Big Picture Drivers:

  • Extended Exit Timelines: Traditional 7-10 year exit windows have stretched beyond 10 years, forcing investors to seek liquidity alternatives

  • Capital Market Bifurcation: The venture ecosystem has split into billion-dollar mega-funds and sub-$250 million specialized funds with different objectives

  • Regulatory Constraints: M&A restrictions and IPO market hesitancy have reduced traditional exit opportunities

  • Private Capital Abundance: Influx of crossover and growth investors has enabled companies to stay private longer with multiple funding rounds


Key Themes:

  • Founder-Investor Alignment: The shift toward treating secondaries as business partnership decisions rather than distress signals

  • Portfolio Optimization: Using secondaries as tools for capital recycling and strategic position management across fund lifecycles

  • Market Maturation: Evolution from reactive, circumstantial transactions to proactive, structured liquidity strategies

  • Ecosystem Diversification: Recognition that venture needs multiple types of "tools" rather than homogeneous approaches


Key Insights:

  • Seed Stage Commoditization: Large firms now compete directly in seed rounds by writing bigger checks and converting them to Series A rounds, breaking the traditional bundling of capital and counsel.

  • Self-Funding Strategy: Homebrew's decision to invest their own capital rather than raise external funds allows greater flexibility in deal structure and removes traditional ownership targets and fund size constraints.

  • Secondary Decision Framework: Successful secondary strategies require evaluating three key factors: valuation-to-progress ratios, investor alignment across the cap table, and fund management timing considerations.

  • Liquidity as Founder Support: Strategic secondary transactions can remove exit pressure from founders, allowing them to focus on long-term value creation rather than premature company sales.

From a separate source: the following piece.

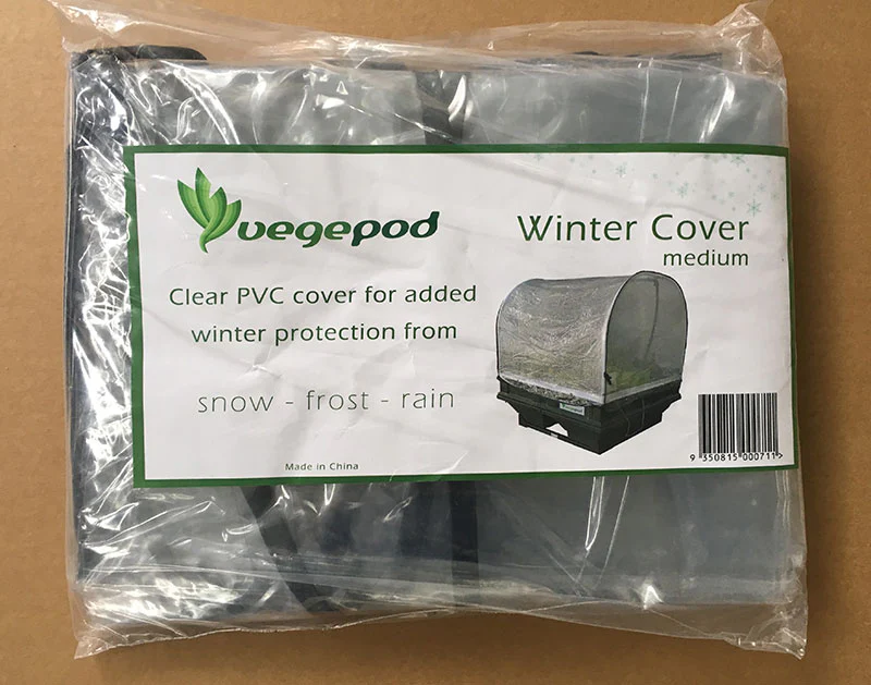 The Winter Cover (aka Hothouse Cover, Greenhouse Cover, or Propagation Cover) is made from clear non-permeable PVC. These covers are custom cut and hem-sewn to sheath easily and snugly over all three Vegepod canopies.

  • Emerging Manager Opportunity: First-time fund managers view secondaries as essential tools for portfolio management when they lack resources for opportunity funds or SPVs.

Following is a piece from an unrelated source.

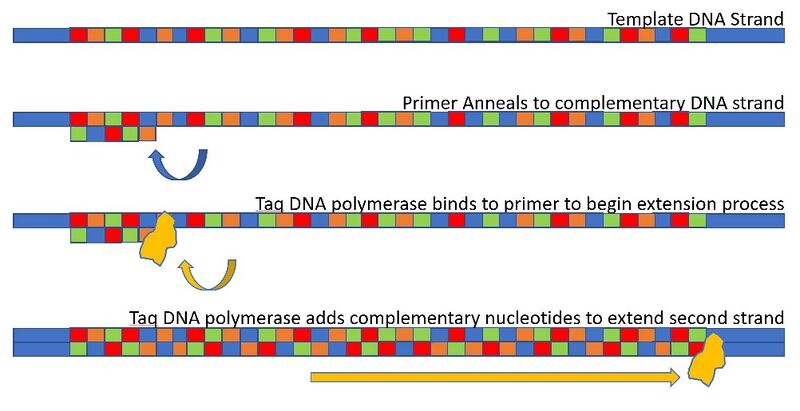 Research and DevelopmentPCR - The Underlying Technology Components of a PCR reaction A PCR reaction begins with a template DNA used as a base for creating the complementary base pairing strand. Primers are what binds to the template strand to bracket the target sequence to start replication. Afterwards, a taq polymerase attaches to the primer and assembles nucleotides into a new DNA strand. Deoxyribonucleotides (dNTP's) are the complementary nucleotides added to extend the second strand of DNA. Steps of Thermal Cycling The changes in temperature allows for the PCR reaction to occur. The initial step of increasing the temperature to 95 degrees Celsius for 3 minutes heats up the DNA and the strand begins to unwind. Afterwards, denaturing occurs, where the DNA separates into a single strand when the temperature is at 95 degrees for 30 seconds. At the anneal stage where the temperature is at 57 degrees for 30 seconds, primers bind to complementary DNA sequences. The temperature is then raised again to 72 degrees for 30 seconds for Taq DNA polymerase to bind to the primers for extension. Finally, at 72 degrees for 3 minutes, dNTP's are added to extend the second strand of DNA. Base-pairing There are four types of nucleotides that make up DNA. These nucleotides are Adenine (A), Thymine (T), Cytosine (C), and Guanine (G). Hydrogen bonding binds these nucleotides to create base-pairing. Nucleotides A and T binds together and C and G nucleotides bind together. Base-pairing occurs during the annealing and extension steps of thermal cycling. During Annealing DNA is bonded with the DNA primers as a starting position for replication. Temperature is then slightly elevated as the thermal cycling stage of extension occurs. Here, two taq polymerase come and match with the base pairs.

  • Relationship-Driven Transactions: The most successful secondary deals occur within existing financings to aligned investors, preventing cap table deterioration and maintaining founder control.


Memorable Quotes:

  • "The seed stage used to be this sort of protected class. It was different than other rounds of venture and now it's frankly not that different." - Hunter Walk, explaining how seed investing has become commoditized

  • "Your fund is never the right size. It's always too big or too small... the short summary is everybody has a plan till they get punched in the face." - Hunter Walk, on the reality of fund deployment versus planning

  • "I have 250,000 followers on Twitter and no LPs. Try me." - Hunter Walk, describing the leverage that comes from founder-focused investing without LP constraints

  • "If you're selling that must mean you're not believing... There's all sorts of reasons why." - Hunter Walk, challenging the stigma around secondary transactions

  • "Am I going to be buried with company logos on my tombstone that were enduring great businesses that created value not just for their VCs and founders, but for employees and ultimately retail investors." - Hunter Walk, on his definition of venture success


The Wrap: 

The secondary market transformation represents more than a tactical shift in venture capital—it signals a maturing ecosystem adapting to new realities of longer hold periods and diverse investor needs. Walk's perspective suggests that secondaries, when executed thoughtfully, can strengthen rather than weaken the founder-investor relationship by providing flexibility and removing artificial pressures. As the venture industry continues to evolve, the ability to navigate secondary markets strategically may become as important as picking winning companies, particularly for emerging managers who need every tool available to compete effectively.